# Problem:
Find the line below with "В региональном минздраве" and the line with "Contém:1 Porta Sabonete". Output exactly those lines and everything between them, leaving out the pictures.

* * * * *

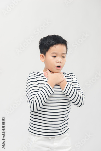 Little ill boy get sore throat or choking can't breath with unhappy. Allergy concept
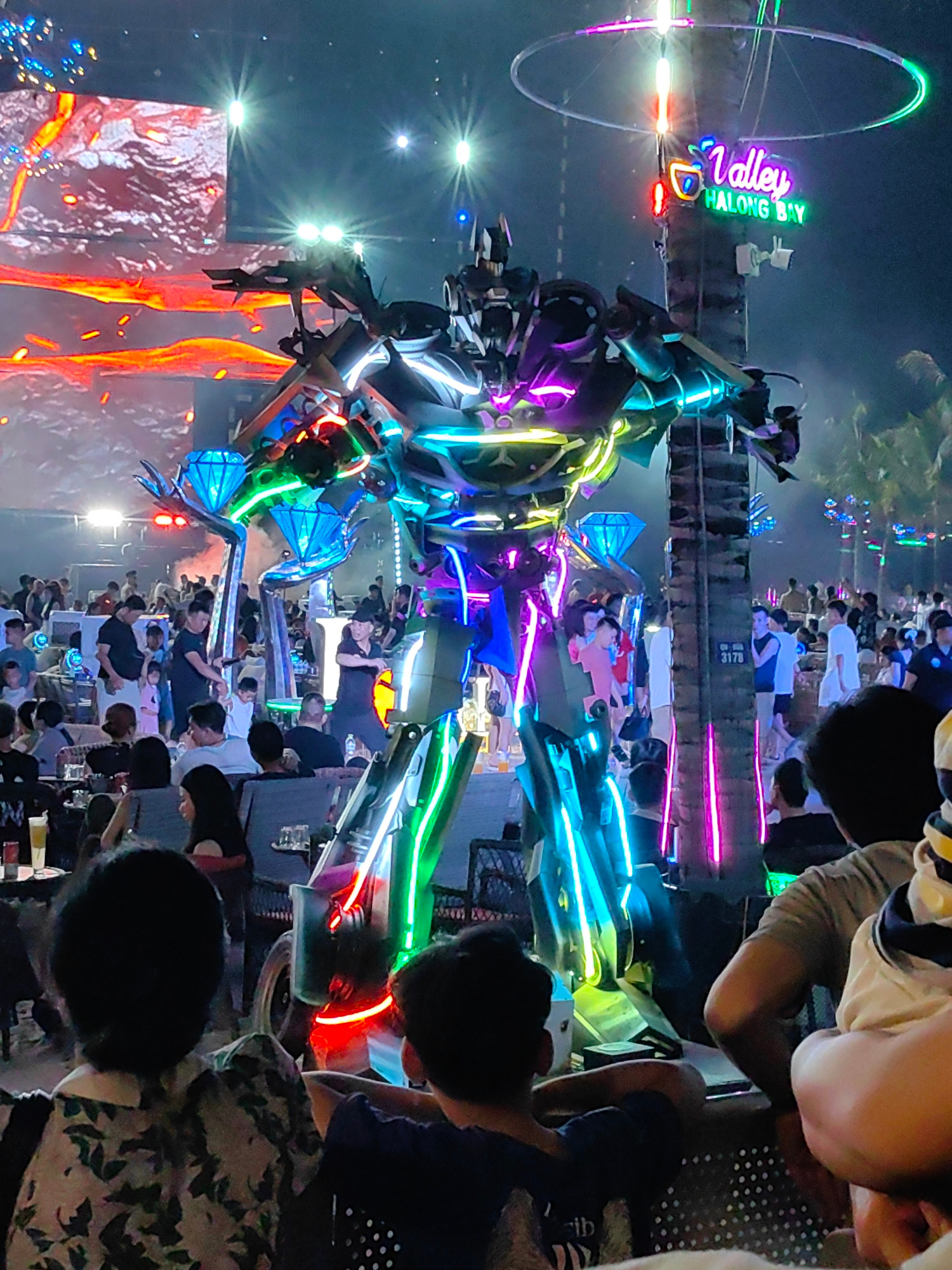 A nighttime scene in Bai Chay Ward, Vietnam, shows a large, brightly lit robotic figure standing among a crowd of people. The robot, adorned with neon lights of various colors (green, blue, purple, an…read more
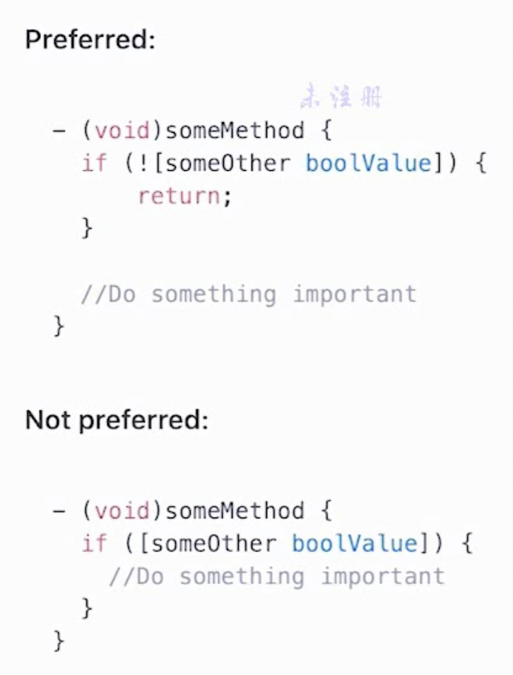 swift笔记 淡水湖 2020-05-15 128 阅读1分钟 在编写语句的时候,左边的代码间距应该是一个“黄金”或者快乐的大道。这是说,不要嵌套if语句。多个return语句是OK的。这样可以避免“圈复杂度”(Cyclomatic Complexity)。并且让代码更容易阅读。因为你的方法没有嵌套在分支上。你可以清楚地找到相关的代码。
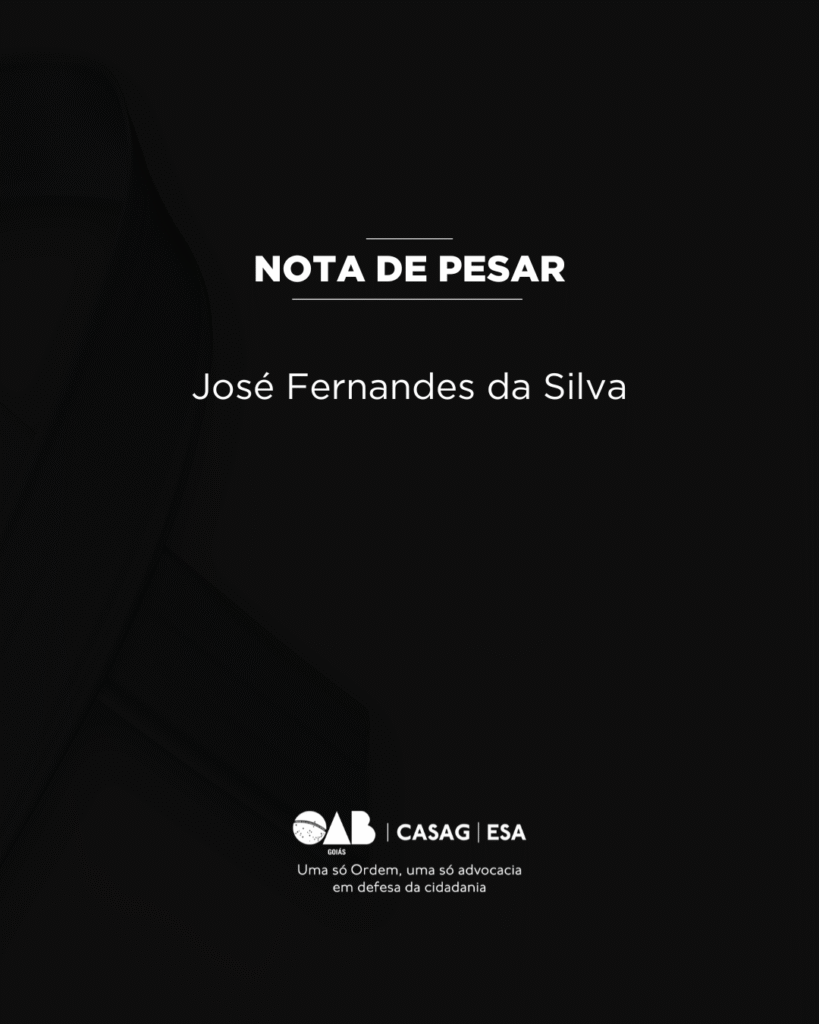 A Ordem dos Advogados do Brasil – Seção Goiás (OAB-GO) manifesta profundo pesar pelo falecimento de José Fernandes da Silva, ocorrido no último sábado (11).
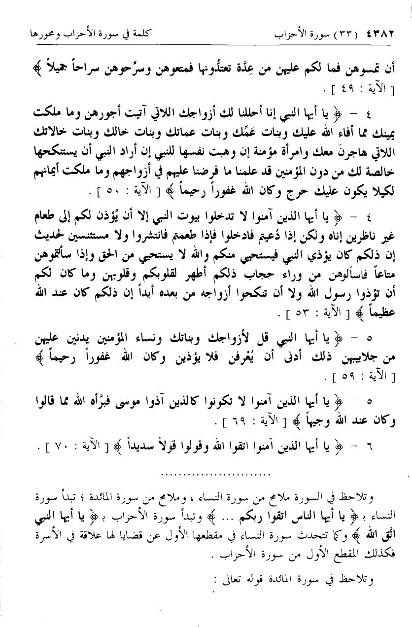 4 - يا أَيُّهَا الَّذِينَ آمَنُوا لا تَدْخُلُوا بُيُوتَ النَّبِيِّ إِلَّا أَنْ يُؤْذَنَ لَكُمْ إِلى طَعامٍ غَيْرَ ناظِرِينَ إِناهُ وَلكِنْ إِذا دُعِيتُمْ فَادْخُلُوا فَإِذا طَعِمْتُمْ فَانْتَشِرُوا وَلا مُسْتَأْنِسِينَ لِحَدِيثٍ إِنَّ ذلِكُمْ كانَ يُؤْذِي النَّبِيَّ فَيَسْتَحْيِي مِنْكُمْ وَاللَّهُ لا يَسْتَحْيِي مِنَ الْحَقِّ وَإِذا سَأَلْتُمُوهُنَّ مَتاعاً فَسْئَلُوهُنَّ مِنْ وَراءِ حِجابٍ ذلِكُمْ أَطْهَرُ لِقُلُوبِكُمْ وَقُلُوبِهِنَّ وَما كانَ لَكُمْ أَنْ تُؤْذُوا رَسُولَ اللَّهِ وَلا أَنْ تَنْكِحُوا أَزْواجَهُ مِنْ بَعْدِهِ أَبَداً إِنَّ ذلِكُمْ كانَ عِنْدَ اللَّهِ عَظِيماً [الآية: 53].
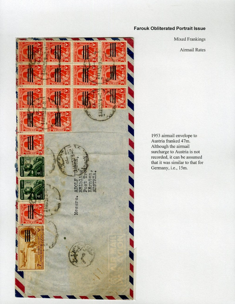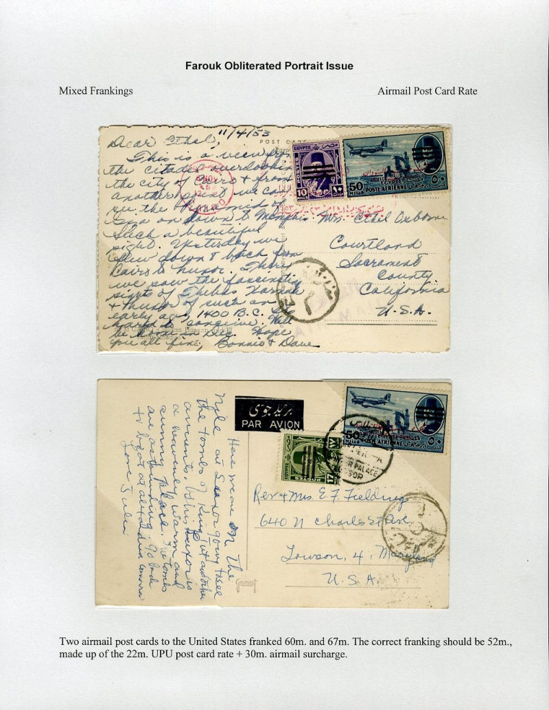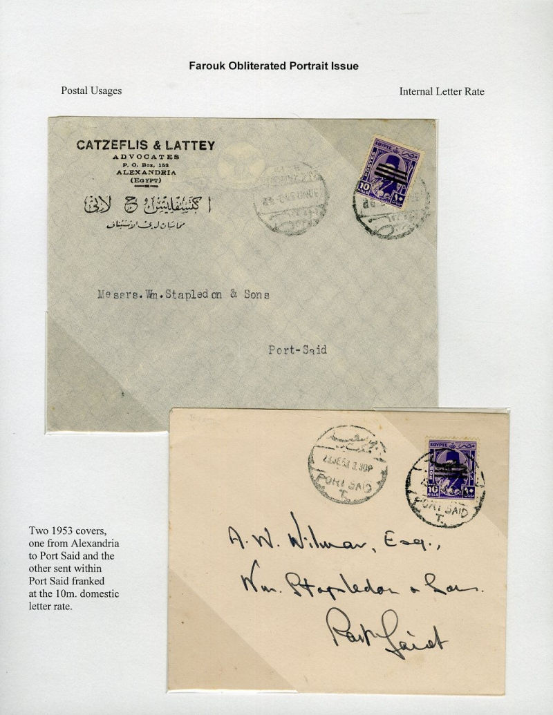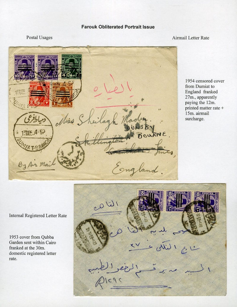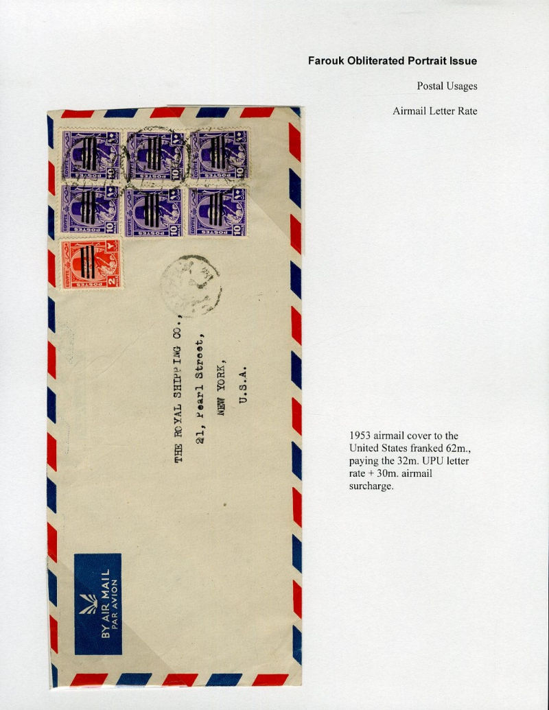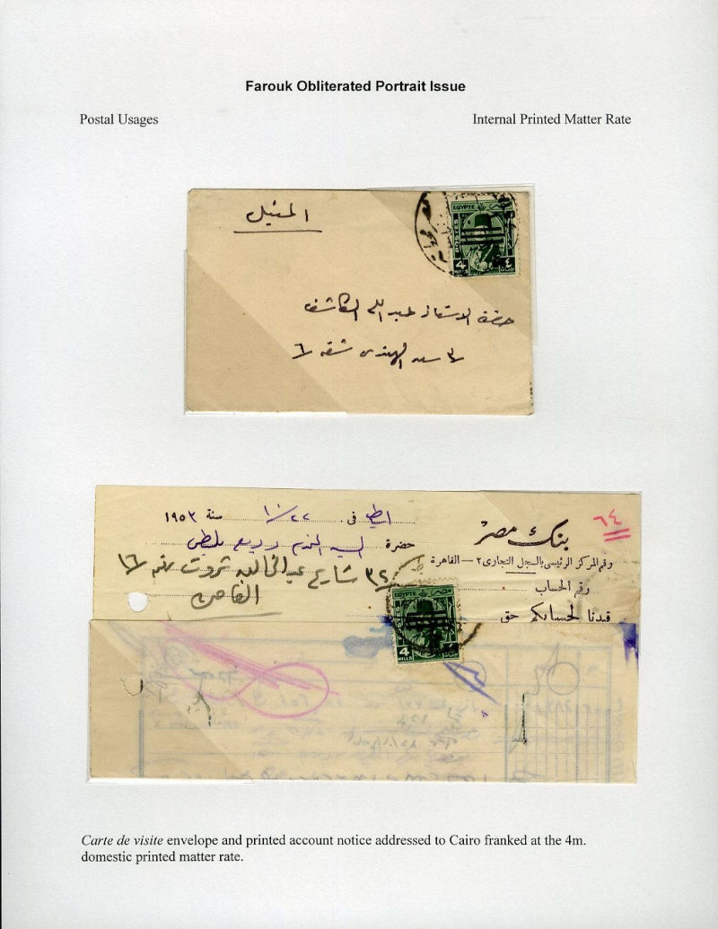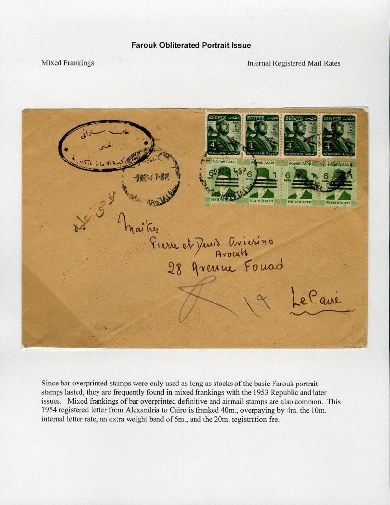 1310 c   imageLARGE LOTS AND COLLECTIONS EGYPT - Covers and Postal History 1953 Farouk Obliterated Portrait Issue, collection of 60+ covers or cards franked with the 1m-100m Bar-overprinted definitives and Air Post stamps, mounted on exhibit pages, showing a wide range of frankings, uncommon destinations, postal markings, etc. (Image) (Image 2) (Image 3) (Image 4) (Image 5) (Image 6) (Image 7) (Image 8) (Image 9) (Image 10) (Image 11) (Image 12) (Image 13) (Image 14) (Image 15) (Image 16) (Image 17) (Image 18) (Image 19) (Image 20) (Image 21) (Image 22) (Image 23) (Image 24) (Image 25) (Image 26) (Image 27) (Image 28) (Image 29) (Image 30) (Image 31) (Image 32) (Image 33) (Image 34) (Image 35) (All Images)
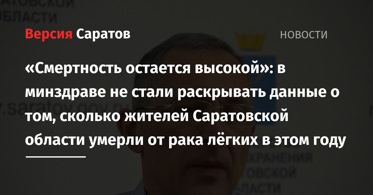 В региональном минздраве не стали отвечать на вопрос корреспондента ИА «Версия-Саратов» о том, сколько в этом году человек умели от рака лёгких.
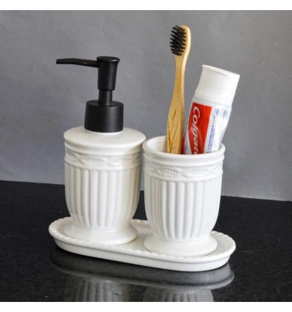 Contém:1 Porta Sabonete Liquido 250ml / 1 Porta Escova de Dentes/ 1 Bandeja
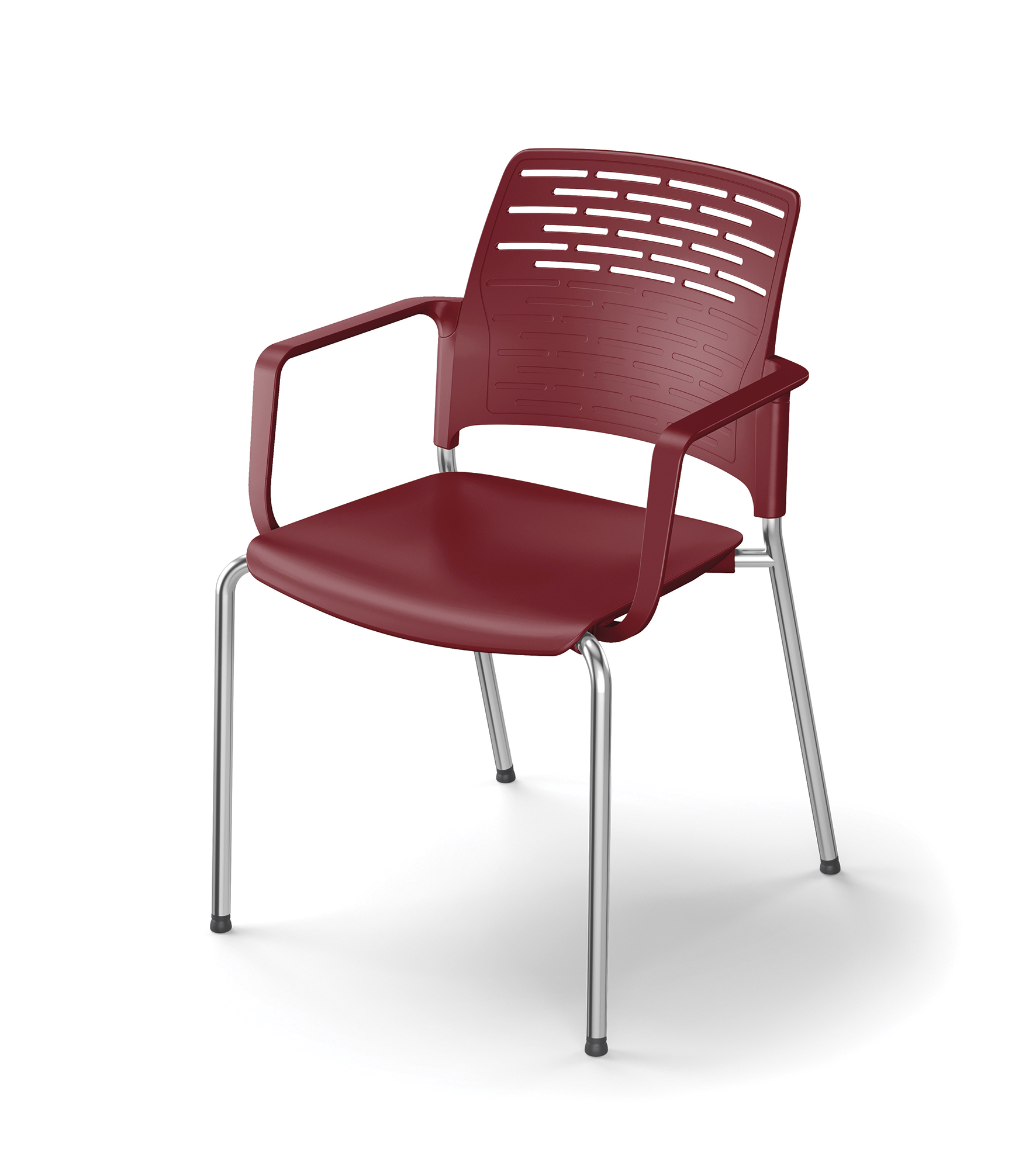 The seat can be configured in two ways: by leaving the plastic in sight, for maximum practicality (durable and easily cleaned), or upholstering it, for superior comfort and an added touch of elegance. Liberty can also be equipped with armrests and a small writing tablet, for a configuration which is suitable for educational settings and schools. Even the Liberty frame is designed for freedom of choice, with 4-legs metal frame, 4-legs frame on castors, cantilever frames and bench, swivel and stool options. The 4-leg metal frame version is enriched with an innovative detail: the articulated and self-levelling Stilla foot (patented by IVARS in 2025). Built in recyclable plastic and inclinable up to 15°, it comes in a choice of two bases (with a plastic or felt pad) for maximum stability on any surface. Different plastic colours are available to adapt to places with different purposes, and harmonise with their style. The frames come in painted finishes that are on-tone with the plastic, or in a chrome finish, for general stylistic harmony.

* * * * *

# Solution to this problem:
 В региональном минздраве не стали отвечать на вопрос корреспондента ИА «Версия-Саратов» о том, сколько в этом году человек умели от рака лёгких.
 Contém:1 Porta Sabonete Liquido 250ml / 1 Porta Escova de Dentes/ 1 Bandeja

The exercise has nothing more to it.